Additionally, in just the same way that dictators stifle discourse through the control of the media, the church suppresses change by controlling the political landscape and making themselves indispensable stakeholders in electoral periods. The impact of this is enormous: since independence, there has been no meaningful political discourse on human rights questions. These questions include same-sex marriage and the right to access abortions as well as other reproductive health services. The church’s role in this situation has been to lead an onslaught of attacks on any institution, political or not, that dares to bring such questions for public consideration. But importantly, only through such consideration can policy substantively change. When people enter into conversation, they gain the opportunity to find middle grounds for their seemingly irreconcilable positions. Such middle-grounds may be the difference between life and death for many disadvantaged groups in Zimbabwe and across the world at large. The influence of the church impedes any attempt at locating this middle ground.

Additionally, because the church influences so many Zimbabweans, political actors do not dare oppose the church’s declarations. They fear being condemned and losing the support of their electorate. The church rarely faces criticism for its positions. It is not held accountable for the sentiments its leaders express by virtue of the veil of righteousness protecting it.

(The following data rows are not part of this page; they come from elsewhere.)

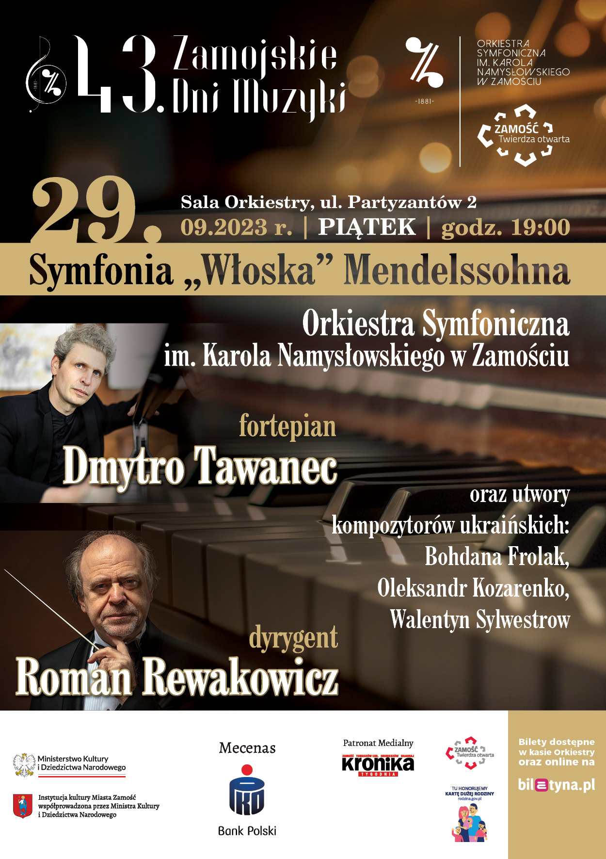 Sprzedaż biletów w kasie Orkiestry (ul. Partyzantów 2) do piątku w godz. 7.30 – 14.30.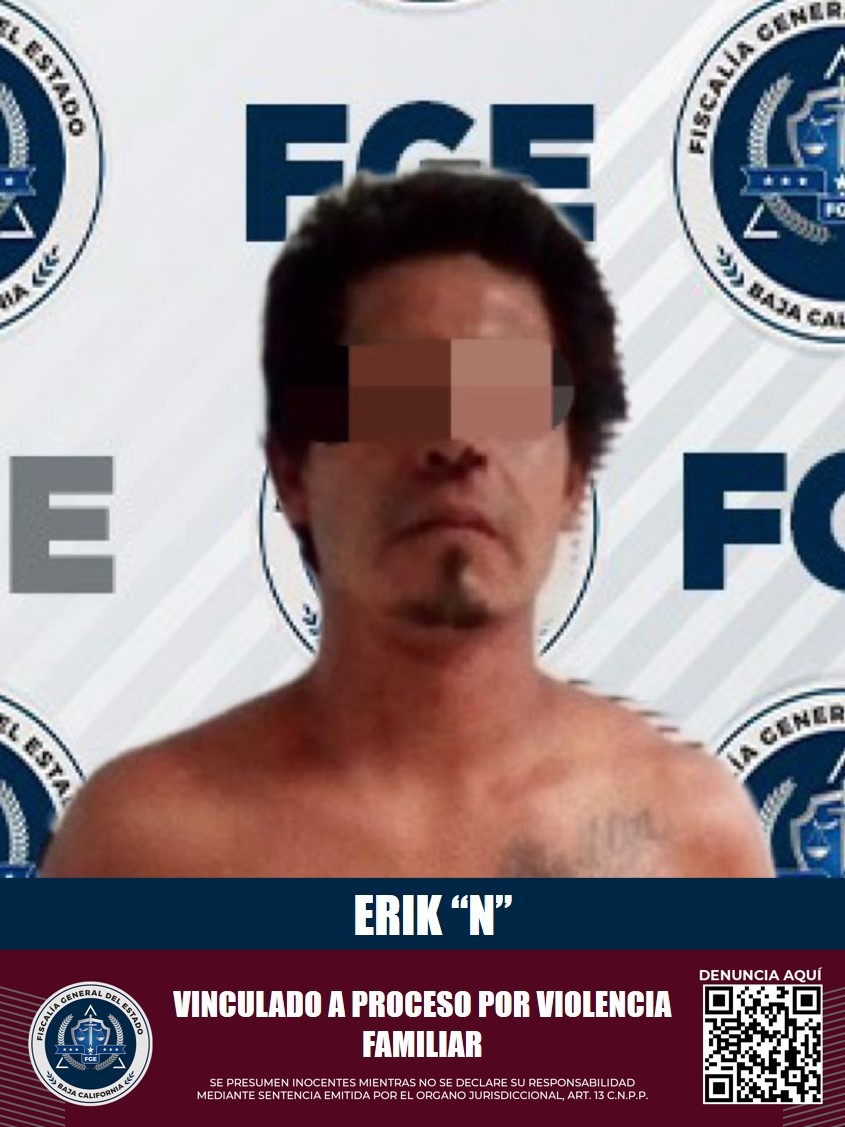 MEXICALI, B.C. Mediante el trabajo desempeñado por la Unidad de Investigación de la Fiscalía Regional de San Felipe, se logró la vinculación a proceso de Erik “N”, por presuntamente cometer el delito de violencia familiar.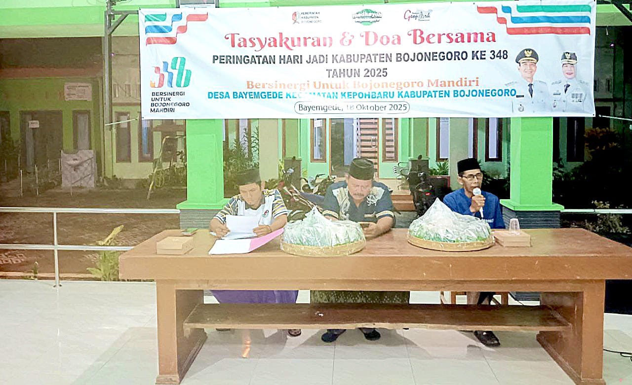 BOJONEGORO – Dalam rangka memperingati Hari Jadi Kabupaten Bojonegoro ke-348 tahun 2025, Pemerintah Desa (Pemdes) Bayemgede, Kecamatan Kepohbaru, menggelar tasyakuran dan doa bersama yang berlangsung khidmat di Balai Desa Bayemgede pada Rabu (22/10/2025).

Furthermore, and uniquely so, the church serves the function of propping up the ZANU-PF party. The ZANU-PF mainly holds conservative ideals. These ideals align with those of the traditionalist Zimbabwean church. In short, the church in Zimbabwe stands as a hurdle to the crucial regime change necessary to bring the country to success. With a crucial election slated for the coming months, this hurdle looms more threatening than at any other time in the country’s history.

The impact of the church’s dictatorship on humans is immeasurable. Queer people, for example, are enormously vulnerable to violence and othering from their communities. They are also particularly vulnerable to sexually transmitted diseases and infections due to the absence of healthcare for them. The church meets the attempts of organizations such as the Gays and Lesbians of Zimbabwe to push for protection with cries that often devolve into scapegoating. These cries from the church reference moral decadence, a supposed decline in family values, and in the worst of cases, mental illness.

Similarly, the church meets civil society’s attempts at codifying and protecting sexual and reproductive rights with vehement disapproval. In 2021, for example, 22 civil society organizations petitioned Parliament to lower the consent age for accessing sexual and reproductive health servicesCritics of the petition described it as “deeply antithetical to the public morality of Zimbabwe” that is grounded in “good old cultural and Christian values.”

Reporting on its consultations with religious leaders, a Parliamentary Portfolio Committee tasked with considering this petition described Christianity as “the solution” to the problem posed by the petition. This Committee viewed the petition as a gateway to issues such as “child exploitation … rights without responsibility … and spiritual bondages.” The petition disappeared into the annals of parliamentary bureaucracy. A year later, the Constitutional Court unanimously voted to increase the age of consent to 18.

A more horrifying instance of this unholy alliance between the church and the state in Zimbabwe is a recently unearthed money laundering scheme that has occurred under the watchful eye of the government. Under the stewardship of self-proclaimed Prophet Uebert Angel, the Ambassador-at-Large for the Government of Zimbabwe, millions of dollars were laundered by the Zimbabwean government. Here, as revealed by Al Jazeera in a four-part docuseries, Ambassador Angel served as a middleman for the government, facilitating the laundering of millions of dollars and the smuggling of scores of refined gold bars to the United Arab Emirates. He did this using his plenipotentiary ambassadorial status to vault through loopholes in the government’s security systems.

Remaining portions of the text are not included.